Alliance for Democracy and Development (ADD) president Charles Milupi has challenged government to disclose the source of the money that will be sued to import power from South Africa’s power utility, Eskom.

And Milupi says political interference in Zesco, among other parastatals, remains a hindrance towards the stability for State-Owned Enterprises (SOE) to generate profits and manage operations professionally.

Last week, Energy Minister Mathew Nkhuwa announced that the long-awaited 300MW power import from Eskom, worth an estimated US$20.5 million per month, would finally be made available to Zambia.

His Broadcasting and Information Services counterpart Dora Siliya, however, disclosed, Thursday, that Zesco and Eskom had still not yet reached an agreement on one aspect of the deal, despite the money being paid already.

In an interview, Milupi challenged government to disclose the source of the money.

“So, when they say they have secured the money, where have they secured it from and at what cost? They should be open with us the Zambian people; at what cost? Where is the money coming from? Is it loans? If it is then we are doing exactly what we have been advising against that you contract external loans for consumption purposes because that will now be consumption, but the bottom line is that in terms of economic management what the current 2019 budget tells us is that the PF have totally failed,” Milupi said.

“It is terrible because the budget that we are operating under right now up to 31st December, 2019, it’s severely stretched! It’s already a massive deficit budget. The President (Edgar Lungu) himself when he was addressing Parliament said over 90 per cent of the budget for this year was going to two line items: debt servicing as well as paying emoluments. So, all they have is less than 10 per cent to do all other things. And one thing is that even when we say that, that budget had already 30 per cent foreign funding incorporated in it, which they have failed to secure. So, when you remove that, it’s a lot worse than even what the President said.”

And Milupi lamented that Zesco’s challenges were as a result of political interference.

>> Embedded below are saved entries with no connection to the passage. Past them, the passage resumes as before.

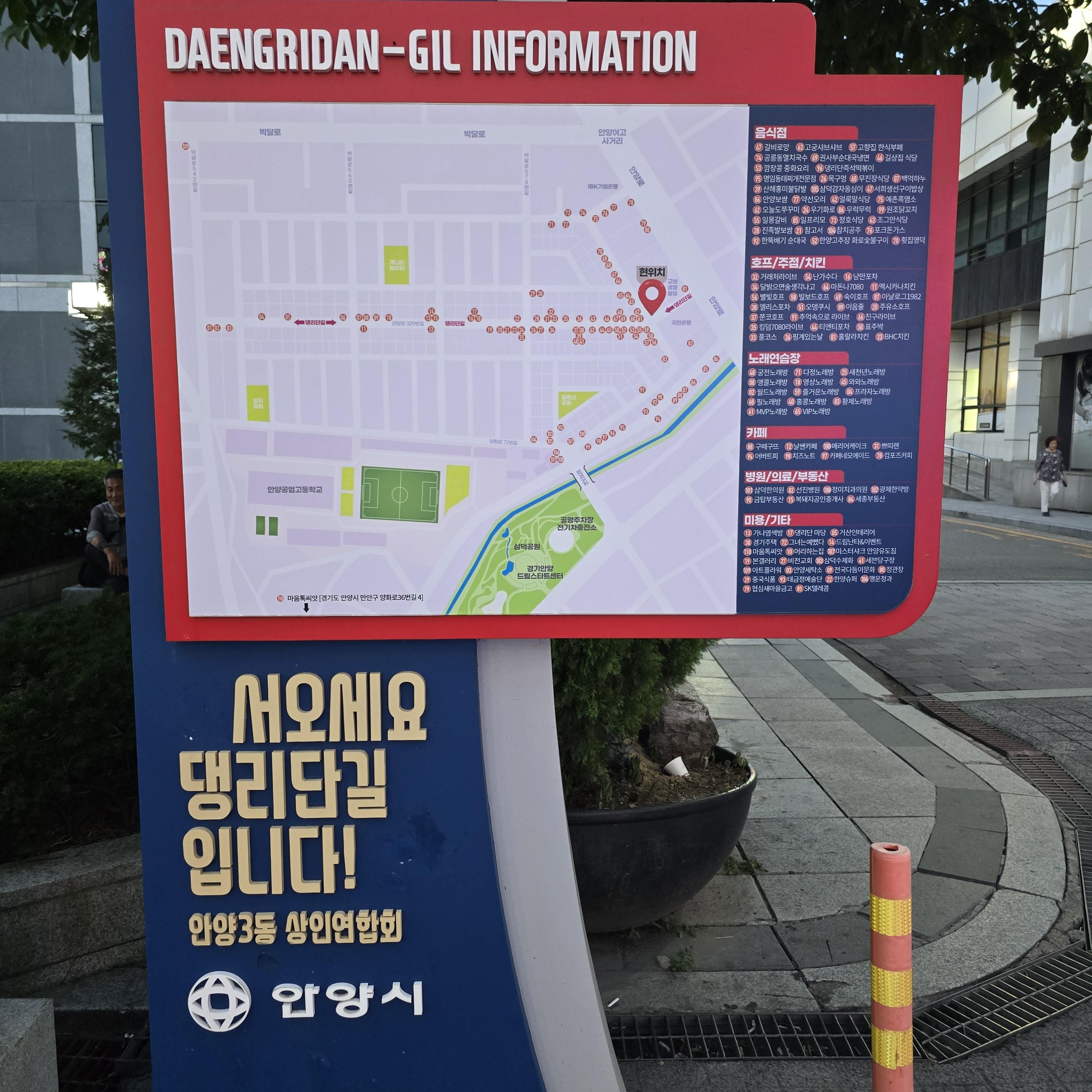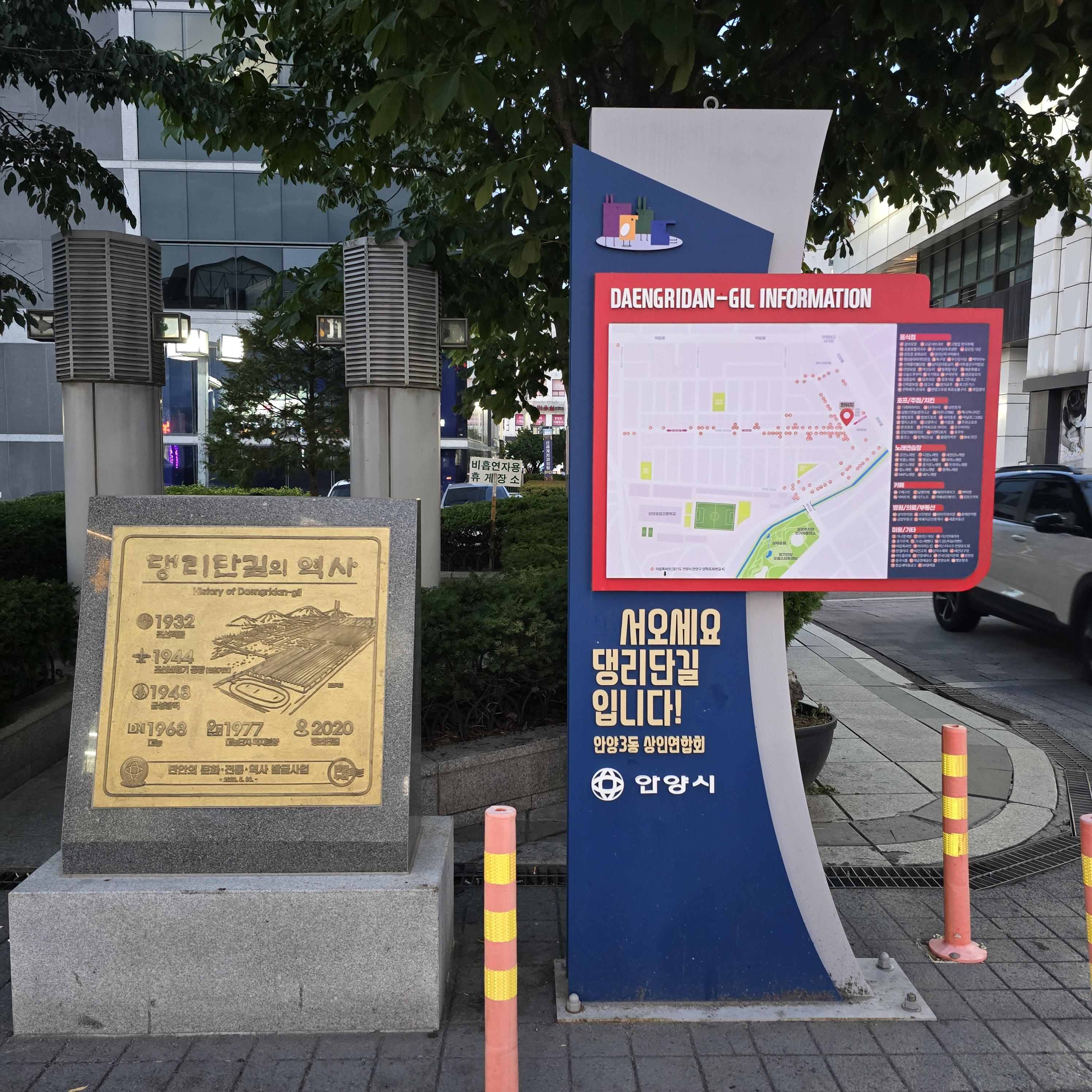 2024.08.20/ #도시기록 #안양 #댕리단길 #대농단지 #안양3동/ 안양3동 댕리단길 역사 표지석과 안내도
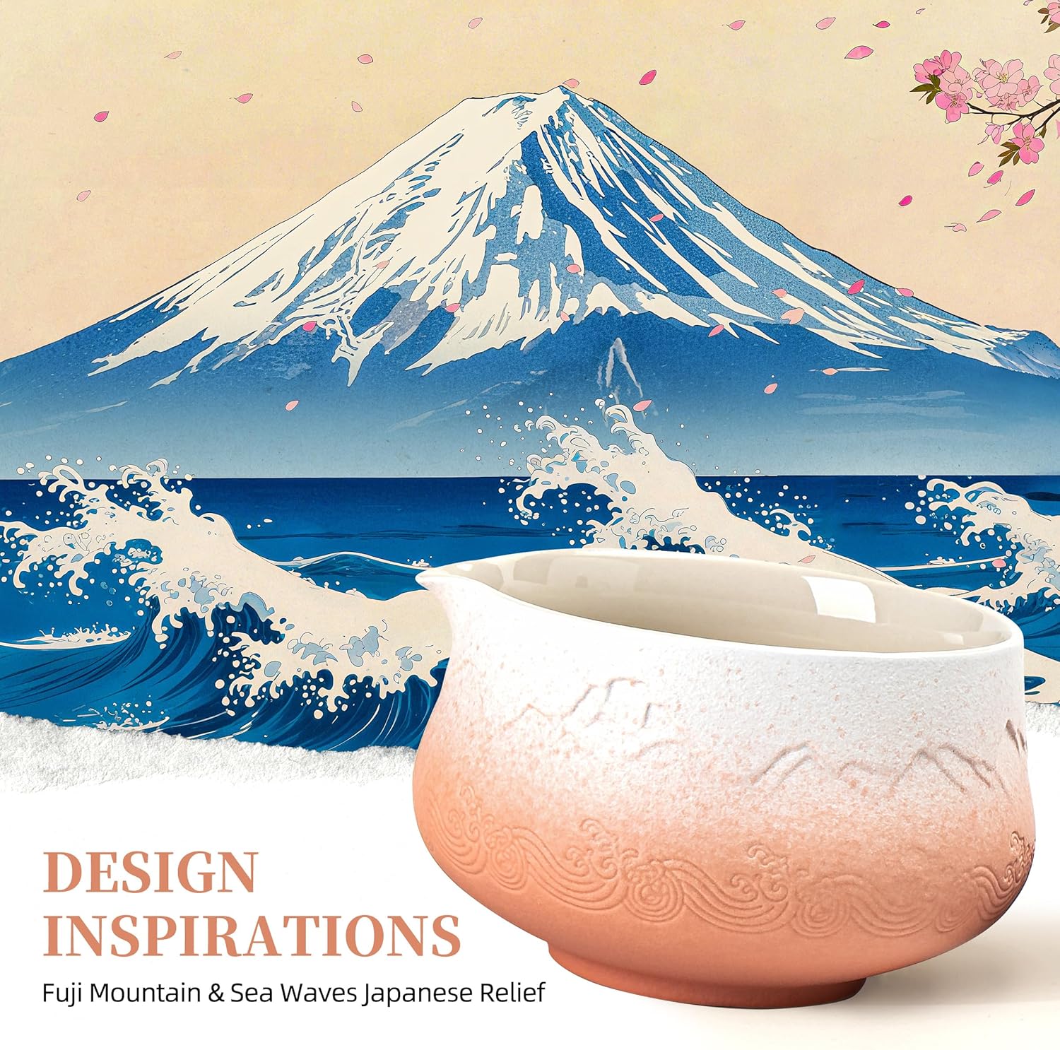 - 7-PCS MATCHA WHISK SET: 1*Ceramic Pink Bowl (chawan) 560 Ml/18.9 Oz, 1*Bamboo Whisk, 1*Bamboo Scoop (chashaku), 1*Cermaic Whisk Holder, 1*Ceramic Scoop Stand, 1*Cotton Tea Cloth (chakin), 1*Matcha Powder Sifter.includes All Accessories
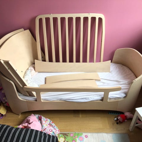 tremmer følger med så den kan gøres til tremmeseng. Det er den gamle model juno, så bunden kan ikke hæves
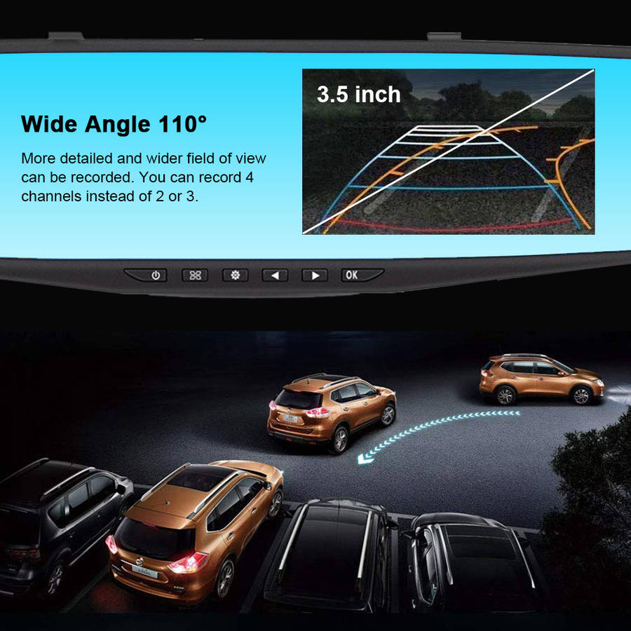 4. Extra Wide Viewing Angle 110ᆪ: More detailed and wider field of view can be recorded. For example, you can record 4 channels instead of 2 or 3. Glass fixed-focus lenses, instrument panel cams capture clearer, more vivid vision. The LCD screen gives you a wider view and a better visual experience.
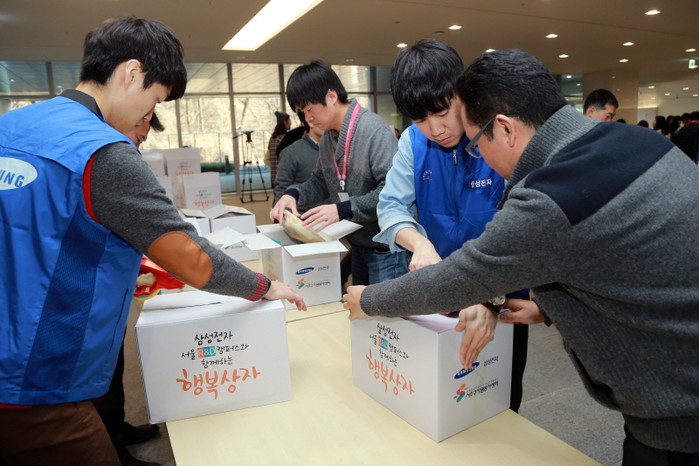 지난 2일 서울 서초구는 우면동에 위치한 삼성전자 서울R&D캠퍼스 임직원들과 함께 양재동 취약계층의 풍성한 설맞이를 위해 건강 먹거리와 생활필수품 등으로 구성된 ‘행복상자’ 만들기 자원봉사 활동을 진행했다.(사진제공=서초구청)
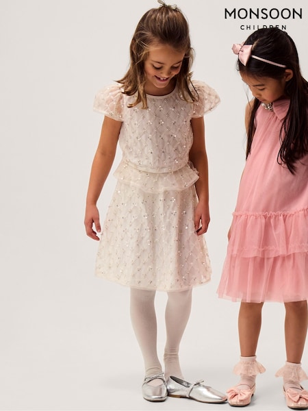 Monsoon Pink Olene Floral Embroidered Tulle Skirt
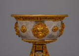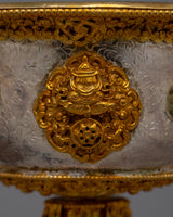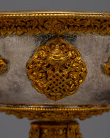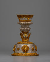 The Silver Butter Lamp Set is a beautiful example of traditional craftsmanship with spiritual meaning. Handcrafted, this magnificent set combines pure silver and copper with gold plating, resulting in a well-balanced combination of materials and finishes. The substantial and high quality of the set is reflected in its overall weight of 1.292 kg.
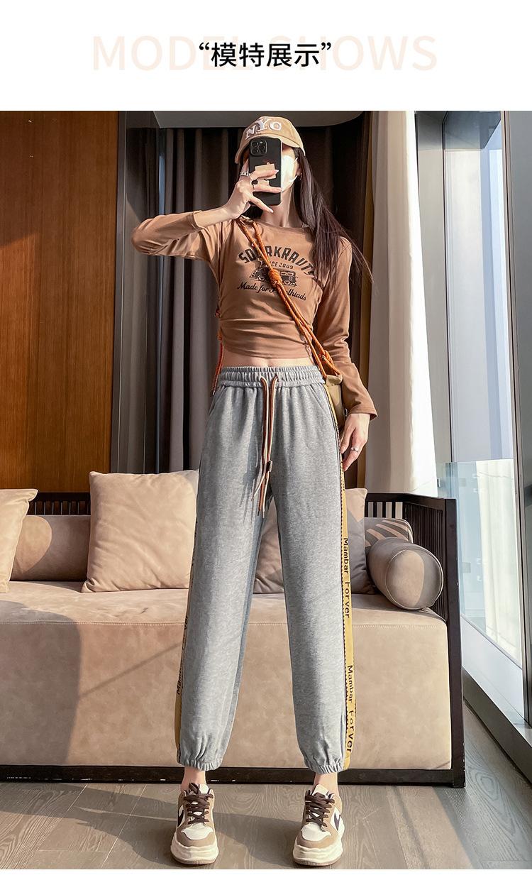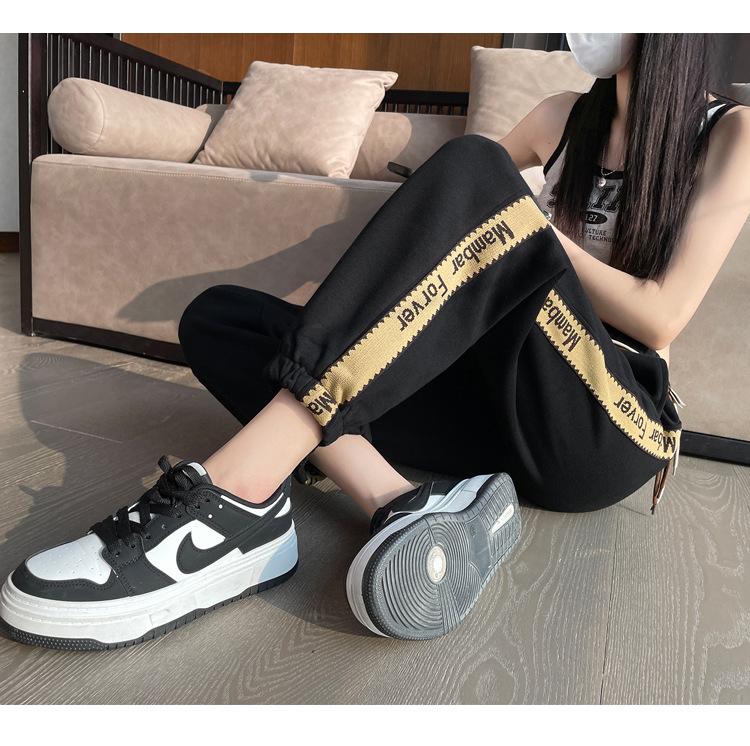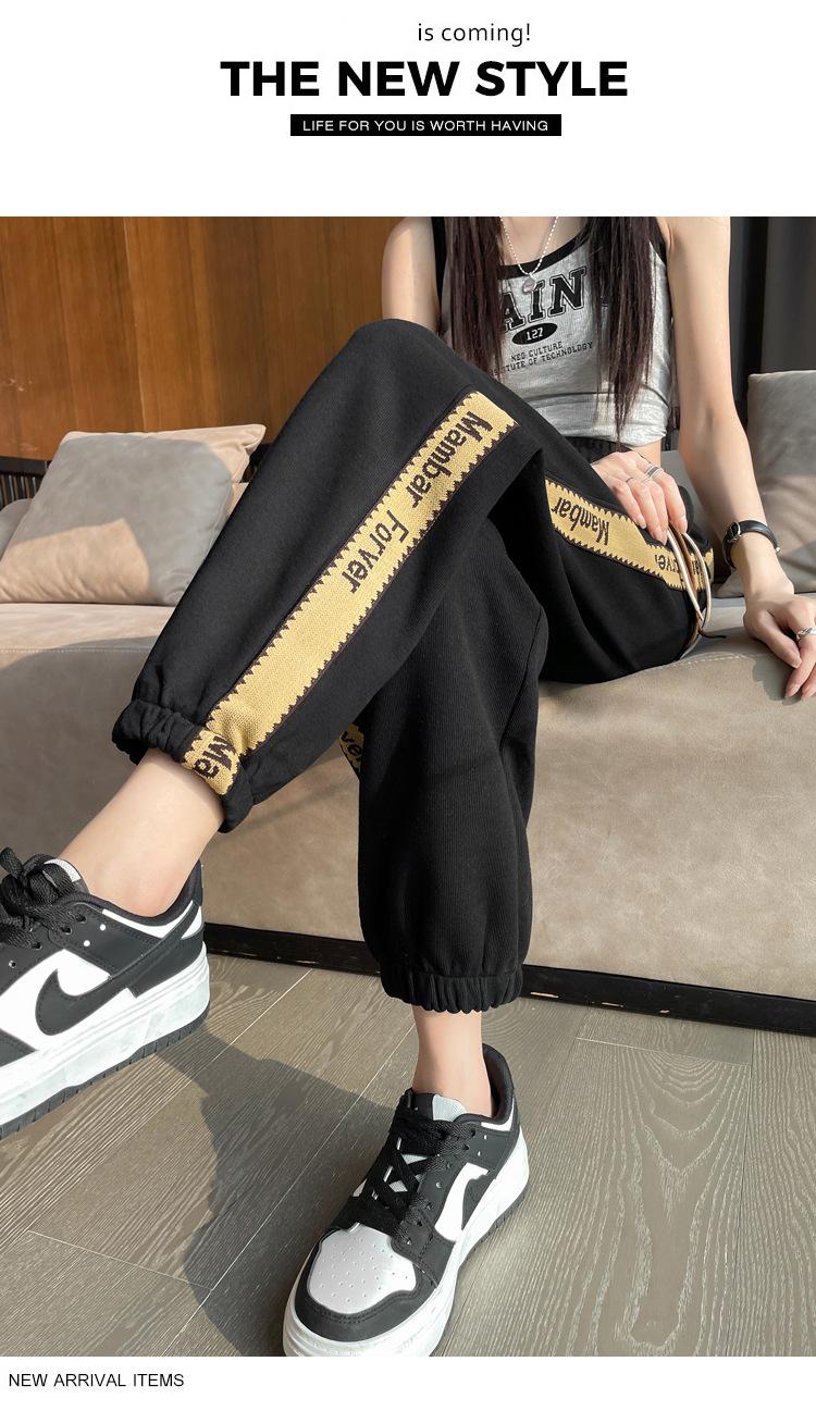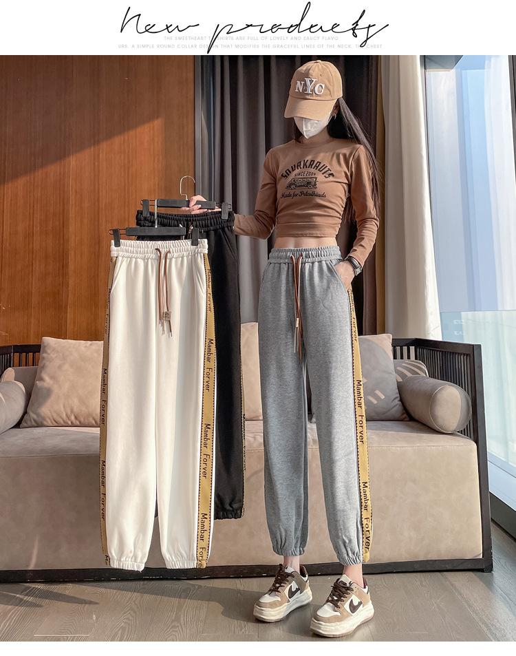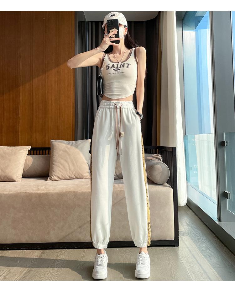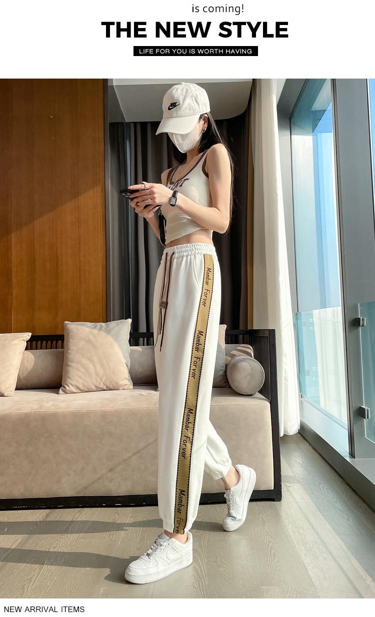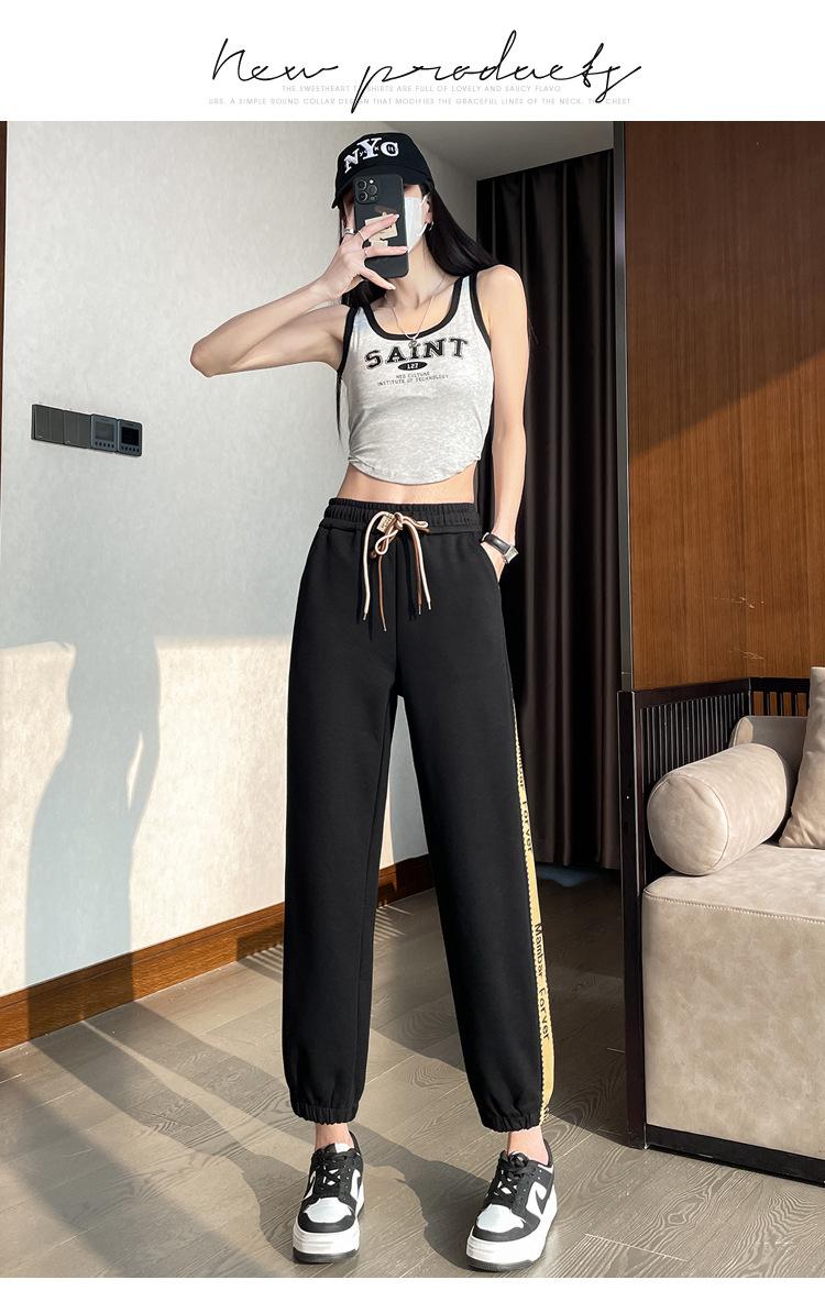 Pantalones deportivos a rayas de color contrastante para mujer 2023 Otoño Petite Pantalones casuales Versátiles Rectos Sueltos Moda Leggings Pantalones deportivos

“You know, I am sympathetic to Zesco because the issue with parastatals and Zesco at the moment is the biggest parastatal after the demise of ZCCM as we knew it. So, it has suffered more from political interference so instead of now being run professionally, they have suffered more from politicians directing them on what to do, who to employ, who to give a contract and so on. The moment you allow this excessive political interference in any organisation, they stop functioning the way they should function. As a company, the focus of management should be on running that company properly. And you see, it is no individual wisdom in running a company, there are certain benchmarks that ought to be followed. This is what guides chief executives, it’s not that ‘no, because I am not chief executive or managing director so I will run it,’ no! There are certain things that guides you in what you perform. In other words, what are the deliverables? So, then you have a board of directors that monitor management to ensure that they are delivering, according to those deliverables,” he observed.

“So, because it is a supply company, you want to make sure that they are supplying the commodity that they are supposed to supply at very high standards; it must be available; it must be on the market at all times. Now, in management, when you look at a company like that, you expect returns of not less than 15 per cent on an annual basis. So, if it was running properly, they would be paying to government something not less than US $200 million every year as dividends. Now, no parastatal is doing that and people in government don’t seem to care, the boards don’t seem to care because if we were asking for these deliverables, we would be getting that, but in order for them to give those deliverables like dividends, they have to make a profit. Now, how can that profit come, it will come from good management of financial resources. It means when you buy things from suppliers, you pay them. What you have talked about Eskom, when you buy power from them, you pay them, from Mozambique, you pay them. But in order to do that, you have to streamline your operations, make sure that your costs are optimum.”

He noted that if Zesco was ran as it should, the utility would have surplus energy in reserves to cater for emergency power.

“We expect that when there’s shortage of generation capacity, they would have reserves. Just like a country has reserves, companies also have reserves. They would have reserves to be able to import power even when they are keeping the tariffs at the same range. But because of the way they are being abused, financially and operationally, they do not have those reserves and that is why you have load shedding and so on, that is (how) you are unable to import because the people you are supposed to import from, you already owe them money,” said Milupi.

“Because of this political interference, you have professionals who are perceived to belong to certain regions because you come from the same region, already, there is an attachment that you must have, you are assumed to a certain party even when that is false, they are retired in national interest. When you retire people with experience and then you bring in people who are employed, especially as cadres with no experience, something suffers and what is that? The ability of a company to operate normally and that’s what we are seeing, the people who are running this company, these are professionals, if you target them properly that you want this or you want that, they will deliver because we went to the same colleges; we went to the same universities as them so they are able to do that. So, remove political interference from ruling parties into these parastatals; that is the solution.”